Dynamique des interactions cellule-matrice dans le contexte de l'angiogenèse
Auteur / Autrice : | Christelle Margossian |
Direction : | Claude Verdier, Valérie Laurent |
Type : | Projet de thèse |
Discipline(s) : | MG - Mécanique, génie civil |
Date : | Inscription en doctorat le 27/09/2024 |
Etablissement(s) : | Université Grenoble Alpes |
Ecole(s) doctorale(s) : | École doctorale Ingénierie - matériaux mécanique énergétique environnement procédés production |
Partenaire(s) de recherche : | Laboratoire : Laboratoire Interdisciplinaire de Physique |
Mots clés
Mots clés libres
Résumé
Cette étude s'inscrit dans le cadre du projet ANR «MoDyMécA» qui propose d'étudier le rôle de l'environnement mécanique et biochimique sur la migration des cellules endothéliales sur des substrats 2D ou au sein de gels fibreux complexes.
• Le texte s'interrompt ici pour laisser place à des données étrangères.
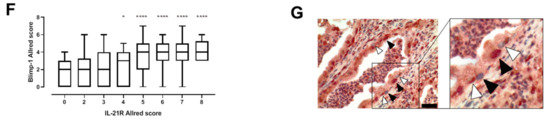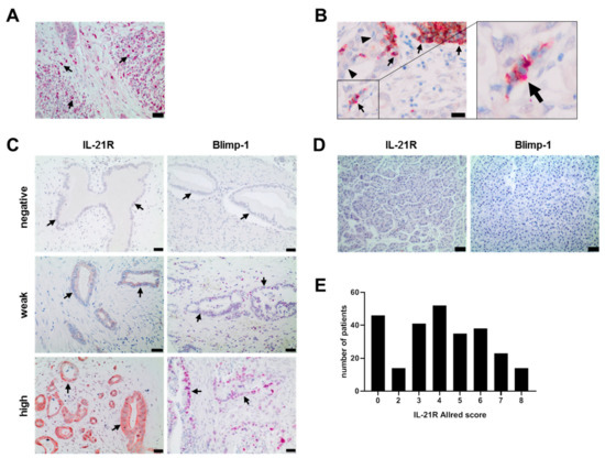 In the same tissue specimen, expression of IL-21R and its downstream target Blimp-1 was determined. IL-21R was found to be expressed on tumor cells of 221/264 patients and Blimp-1 in 199/264, but not in healthy pancreatic tissue (Figure 1C,D). Expression of IL-21R varied among the patients, as quantified by Allred score (distribution shown in Figure 1E) and high Blimp-1 expression coincided significantly with high IL-21R expression (Figure 1F, unpaired t test and Pearson correlation test (r = 0.5604, p < 0.0001)). Double staining of the tissue revealed a co-expression of IL-21R and Blimp-1 (Figure 1G).
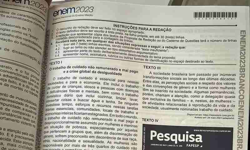 No dia 3 de novembro, primeiro dia do exame, os participantes deverão escrever um texto dissertativo-argumentativo de até 30 linhas. Será proposta uma situação-problema, que servirá de base para o desenvolvimento da redação.
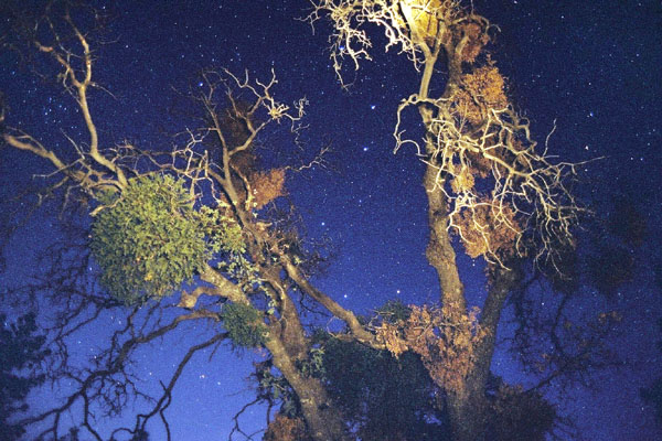 Mountains. The tree was illuminated with a powerful flashlight during a
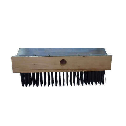 Wire Pizza Oven Brush with Handle. Push the fire to the rear of your oven using the metal scraper and use the wire brush to sweep away the ashes. With 95cm wooden handle, so you don't burn your hands.
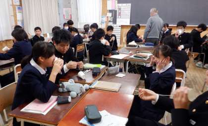 音の伝わり方 1−C理科 公開日 2023/12/21 更新日 2023/12/21 芝園の一日 12月21日(木) 2限 1−Cの理科の授業風景です。今日は音の伝わり方を確かめる「糸電話」の実験をしました。初めて糸電話をする生徒もおり、授業は大盛り上がりです。
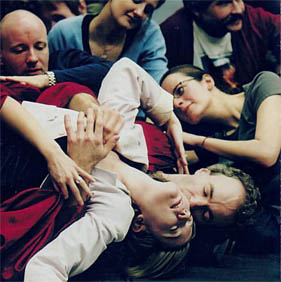 それにしても冒頭から貪欲なセックスシーンが連続し、見るものを釘付けにしていました。ツェルリーナの結婚の場面などは、ローエングリンで見せた小学校のコンセプトのように、会社の制服姿の男女が沢山ピクニックにでも行く出で立ちで、ステージを走り回るという演出が爆笑でした。彼らも男女問わず集団で衣服を脱ぎ始めて、露骨なセックスシーンで狂乱することに。ともかく滑稽で刺激的な展開ですが、意外なほど演出とモーツァルトの音楽がマッチしてることに驚きました。音楽の躍動感、テンポの起伏に合わせながら、群集の動き回るエネルギッシュさをパロディックなドラマ展開に一致させている点は、コンヴィチュニーの天才的演出のなせる技に他なりません。

L'objectif est de comprendre la dynamique de formation des néo-vaisseaux nécessaires à la création d'un réseau alimentant une tumeur. Il a été démontré que la présence de facteurs biochimiques n'est pas suffisante pour expliquer les mécanismes de migration des cellules endothéliales isolées, ou de populations cellulaires. C'est pourquoi nous proposons de prendre en compte le rôle de la mécanique de l'environnement. Dans un premier temps, des cellules endothéliales placées sur des substrats 2D recouverts de collagène [1] seront observées afin de caractériser leur mouvement et les forces en présence (TFM, Traction Force Microscopy, Figure 1a). Les propriétés rhéologiques des gels seront finement contrôlées. Ensuite, on étudiera le mouvement de ces cellules dans une matrice fibreuse 3D, et l'observation microscopique des fibres de collagène en fluorescence (technique de la réflectance) permettra de calculer le champ de déplacement et les forces associées [2,3], comme sur la Figure 1b. Dans les deux cas, la dégradation de la matrice par les cellules sera quantifiée. Cette partie expérimentale, proposée dans ce sujet, servira de calibration au modèle mathématique développé par nos partenaires grenoblois (TIMC). Le but est d'élaborer un modèle de prédiction de la dynamique cellulaire, tenant compte de la complexité du substrat (milieu fibreux, propriétés viscoélastiques), des interactions cellules-matrice et de la capacité des cellules à remodeler cette matrice. A terme, le modèle pourra décrire le mouvement d'une ou plusieurs cellules en interaction avec la matrice.